▶ [Exercise goal]: Please go line by line and repeat the data below exactly, with no images.

▶ [Dataset excerpt]:
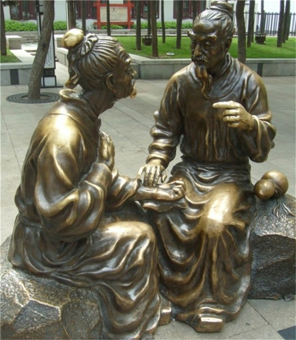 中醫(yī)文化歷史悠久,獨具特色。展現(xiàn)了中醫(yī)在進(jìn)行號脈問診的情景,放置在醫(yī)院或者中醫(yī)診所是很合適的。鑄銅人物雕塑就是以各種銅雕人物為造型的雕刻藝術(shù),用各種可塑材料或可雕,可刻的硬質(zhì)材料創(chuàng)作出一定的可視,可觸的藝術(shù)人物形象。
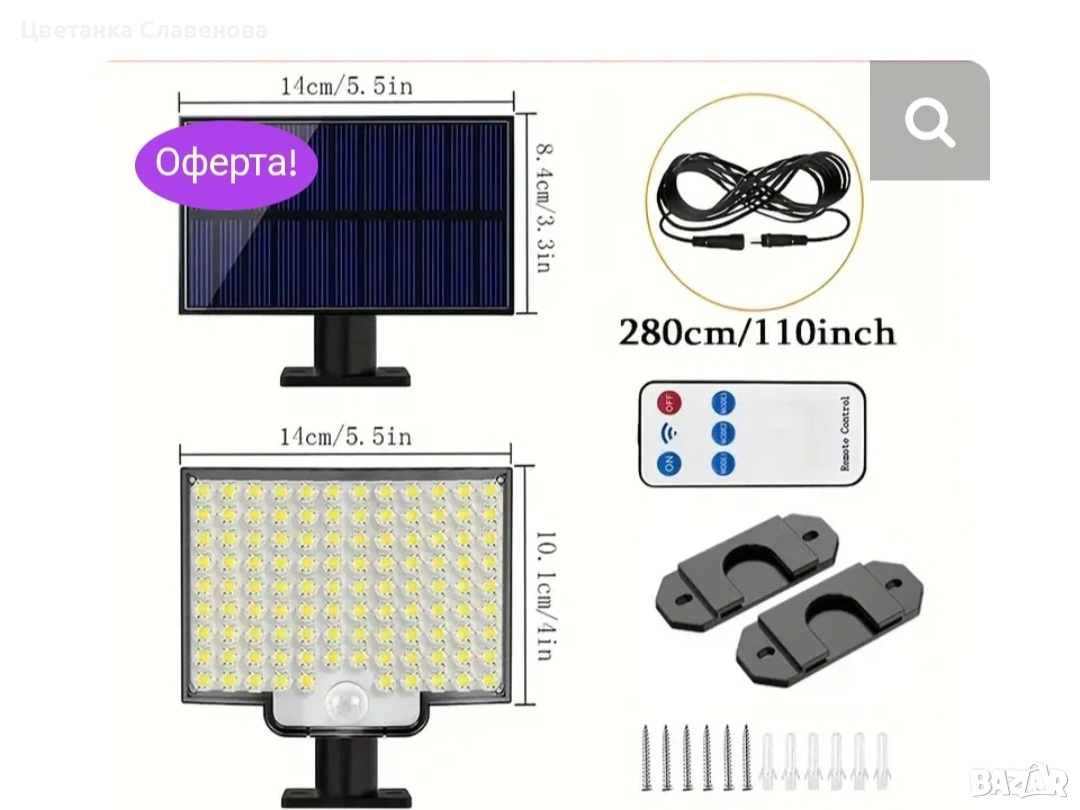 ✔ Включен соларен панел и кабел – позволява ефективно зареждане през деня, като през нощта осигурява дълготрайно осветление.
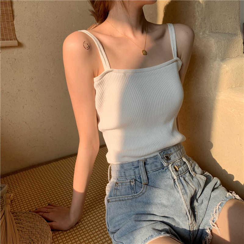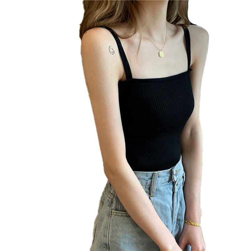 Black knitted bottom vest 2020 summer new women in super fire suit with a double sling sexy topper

▶ [The answer]:
 中醫(yī)文化歷史悠久,獨具特色。展現(xiàn)了中醫(yī)在進(jìn)行號脈問診的情景,放置在醫(yī)院或者中醫(yī)診所是很合適的。鑄銅人物雕塑就是以各種銅雕人物為造型的雕刻藝術(shù),用各種可塑材料或可雕,可刻的硬質(zhì)材料創(chuàng)作出一定的可視,可觸的藝術(shù)人物形象。
 ✔ Включен соларен панел и кабел – позволява ефективно зареждане през деня, като през нощта осигурява дълготрайно осветление.
 Black knitted bottom vest 2020 summer new women in super fire suit with a double sling sexy topper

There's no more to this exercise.